Football et violence

par Hélène Dumas

Des remarques incidentes. Plusieurs rescapés effrayés par le tapage des supporters dans le Rwanda d’aujourd’hui : « Je n’aime pas les matches de football, cela me rappelle les cris des Interahamwe. » Des indices aussi selon lesquels les milices Interahamwe se seraient structurées dans les clubs de supporters. Un précédent, ailleurs, les Tigres d’Arkan issus des rangs des supporters de l’Étoile rouge de Belgrade. Trois éléments épars rassemblés en un même questionnement : le football rwandais entre 1990 et le génocide de 1994 a-t-il offert un espace perméable à la violence politique ?

L’histoire du football au Rwanda commence avec les missionnaires catholiques. Frédéric Mobaneza était élève à la mission de Save, la première implantation de l’Église catholique fondée en 1900 au Rwanda, lorsqu’il intègre en 1938 l’équipe de son école. Pour la première fois, il joue avec un ballon en cuir et abandonne les petites balles de paille. Une structure parallèle se met en place qui épouse les contours administratifs de la colonisation.
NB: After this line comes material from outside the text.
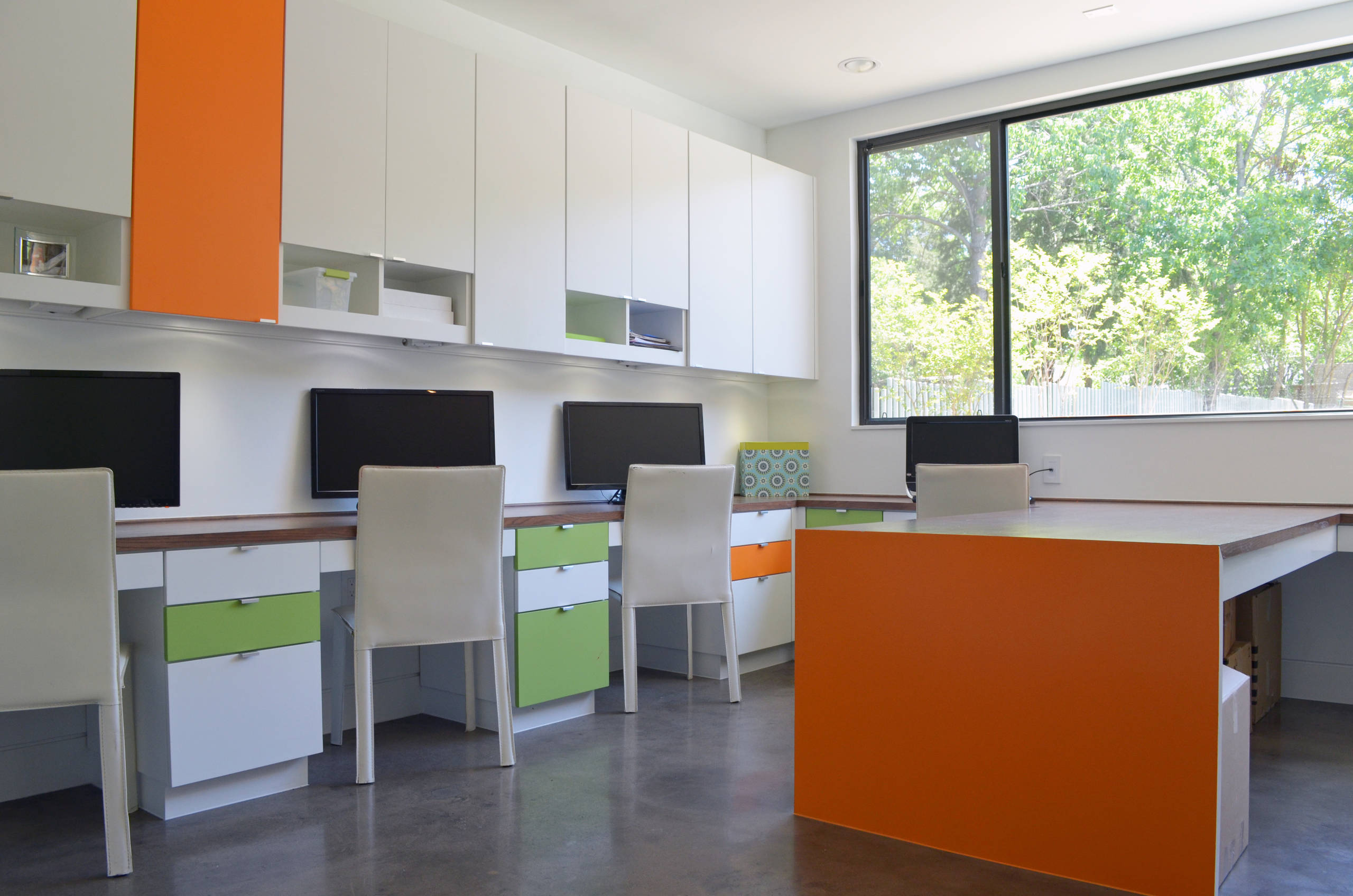 The couple loved the idea of creating a place for the family to be together for homework, studying and crafting. The family office lies just off the living room and has views of the backyard.

D’abord, les prêtres catholiques qui assurent l’entraînement, puis les autorités « indigènes », chefs et grands notables qui patronnent leurs équipes.

L’apprentissage sportif s’effectue sous la férule des Pères Blancs mais également dans les Itorero, ces écoles où les enfants issus des grandes familles apprennent la « tradition ». Dans les années 1940, à une époque où se structure le championnat avec diverses formations rattachées à la figure d’un chef, de la reine-mère ou du roi, les Abafana (les supporters) font également leur apparition et soutiennent à grand renfort de tambours leurs équipes favorites. Une équipe « nationale » du Rwanda voit même le jour dans les années 1950 et participe à des compétitions organisées par les autorités coloniales belges entre les équipes issues du Congo et du Ruanda-Urundi.
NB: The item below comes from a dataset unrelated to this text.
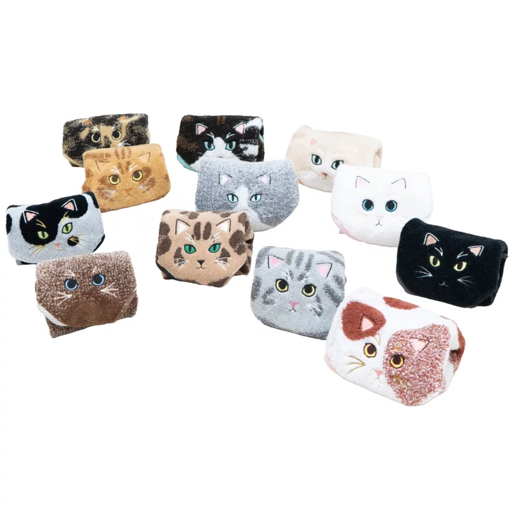 ニャンコの柄をデザインした、個性豊かなタオル。

Le fil du récit de Frédéric Maboneza s’interrompt en 1959 lorsqu’il est contraint à l’exil à la suite des violences qui accompagnent la « Révolution sociale hutu ». Vingt ans plus tard, un autre joueur fameux débute sa carrière. Célestin Gasangwa n’est pas encore connu sous le nom de « Tigana » lorsqu’il commence à s’entraîner chez les juniors de Mukura, une équipe de Butare. Il connaît ses heures de gloire à Rayon Sports entre 1990 et 1994. À la différence des autres formations rwandaises, celle-ci ne se trouve pas sous la houlette d’un préfet ou d’un bourgmestre mais d’une association de riches commerçants originaires de Nyanza. C’est sans doute cette indépendance politique et financière, conjuguée à l’aura de cette équipe qui pousse Georges Rutaganda, l’un des leaders des Interahamwe, à tenter d’en prendre le contrôle en mars 1992. Rayon Sports fait figure d’exception. C’est la seule équipe dont les joueurs ne se sont pas retournés contre leurs coéquipiers pour les assassiner pendant le génocide. À Mukura, l’équipe témoin des premiers exploits de Tigana, les joueurs tutsi ont été tués par les supporters ou leurs coéquipiers. Le gardien de but est toujours en prison pour génocide. Les petits frères de Tigana ont été assassinés par ceux-là même avec lesquels ils jouaient au football.

Ainsi, contrairement à une vision éliassienne qui voudrait que le sport représente un vecteur de reflux de la violence, le cas du Rwanda comme celui de l’ex-Yougoslavie, témoignent d’une porosité qu’il s’agit d’interroger plus avant.